ASSIGNED TASK:
Exactly the lines below, starting with the one containing "- Por último, cuando" and going on through the one containing "Pracovný stôl Gate, ergo, ľavý, 180x75,5x200", must be reproduced, both ends included, and no pictures with them.

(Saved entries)
*** Block opens ***
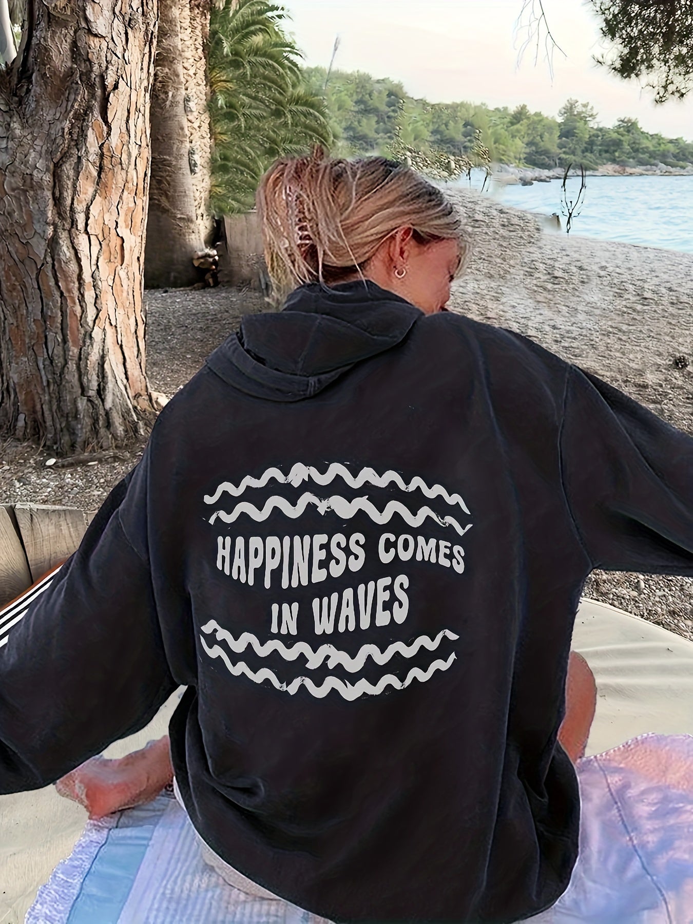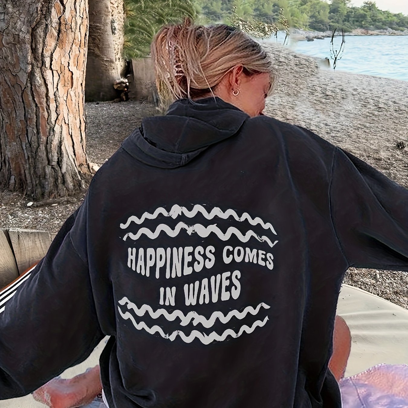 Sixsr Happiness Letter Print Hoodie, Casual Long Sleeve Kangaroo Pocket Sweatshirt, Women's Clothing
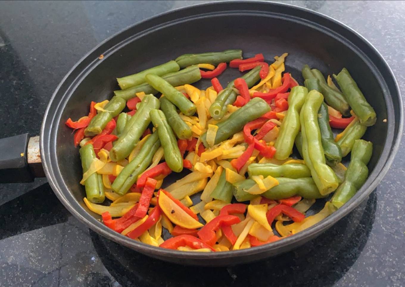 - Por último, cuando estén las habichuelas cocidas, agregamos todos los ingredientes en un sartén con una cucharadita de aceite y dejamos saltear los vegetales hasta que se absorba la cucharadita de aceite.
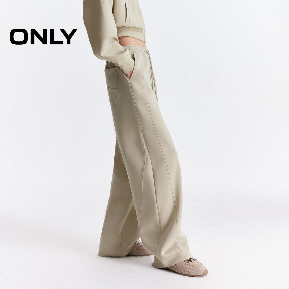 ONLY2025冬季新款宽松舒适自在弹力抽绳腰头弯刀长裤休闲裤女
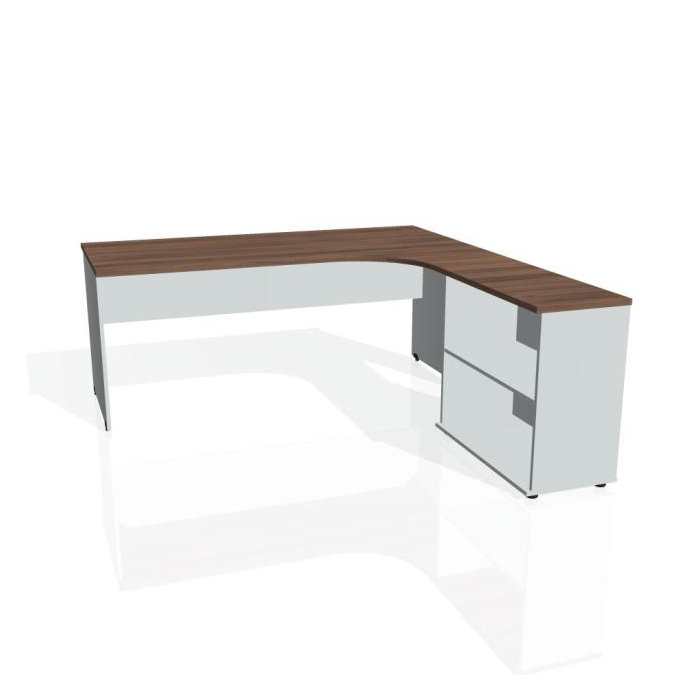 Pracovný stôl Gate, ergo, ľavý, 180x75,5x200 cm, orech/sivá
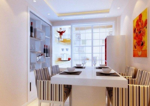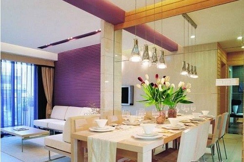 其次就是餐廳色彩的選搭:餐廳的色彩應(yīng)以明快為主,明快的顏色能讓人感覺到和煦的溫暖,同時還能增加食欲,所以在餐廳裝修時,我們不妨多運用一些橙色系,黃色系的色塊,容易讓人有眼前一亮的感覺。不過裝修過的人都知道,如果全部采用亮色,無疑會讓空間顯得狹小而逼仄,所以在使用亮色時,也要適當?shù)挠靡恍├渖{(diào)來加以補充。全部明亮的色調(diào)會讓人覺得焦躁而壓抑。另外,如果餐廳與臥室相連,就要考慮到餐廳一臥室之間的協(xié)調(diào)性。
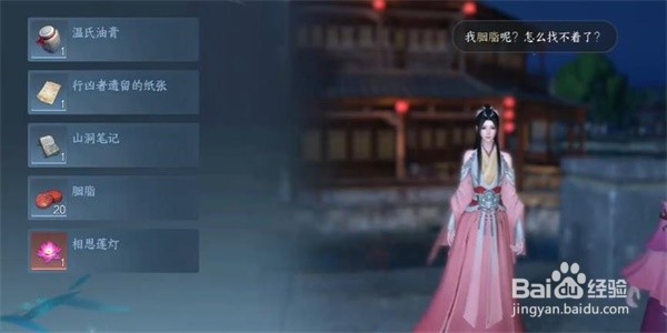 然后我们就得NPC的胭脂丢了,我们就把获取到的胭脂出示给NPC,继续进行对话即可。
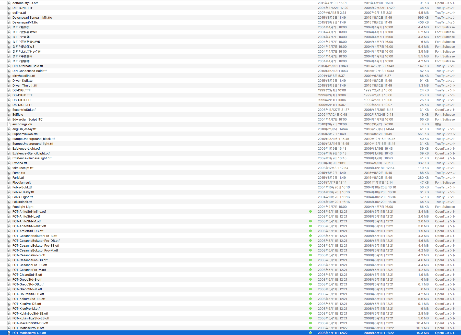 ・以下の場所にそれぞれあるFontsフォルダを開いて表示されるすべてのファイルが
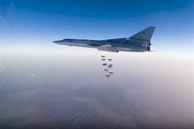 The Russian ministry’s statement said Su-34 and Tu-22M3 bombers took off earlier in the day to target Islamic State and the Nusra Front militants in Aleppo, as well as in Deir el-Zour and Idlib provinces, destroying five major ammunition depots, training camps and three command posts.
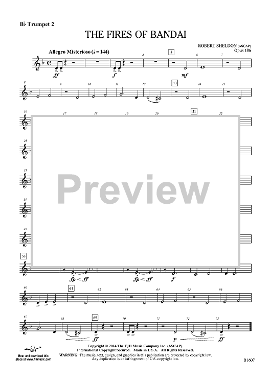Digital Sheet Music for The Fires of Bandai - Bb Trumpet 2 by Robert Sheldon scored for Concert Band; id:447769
*** Block closes ***
EXPECTED ANSWER:
 - Por último, cuando estén las habichuelas cocidas, agregamos todos los ingredientes en un sartén con una cucharadita de aceite y dejamos saltear los vegetales hasta que se absorba la cucharadita de aceite.
 ONLY2025冬季新款宽松舒适自在弹力抽绳腰头弯刀长裤休闲裤女
 Pracovný stôl Gate, ergo, ľavý, 180x75,5x200 cm, orech/sivá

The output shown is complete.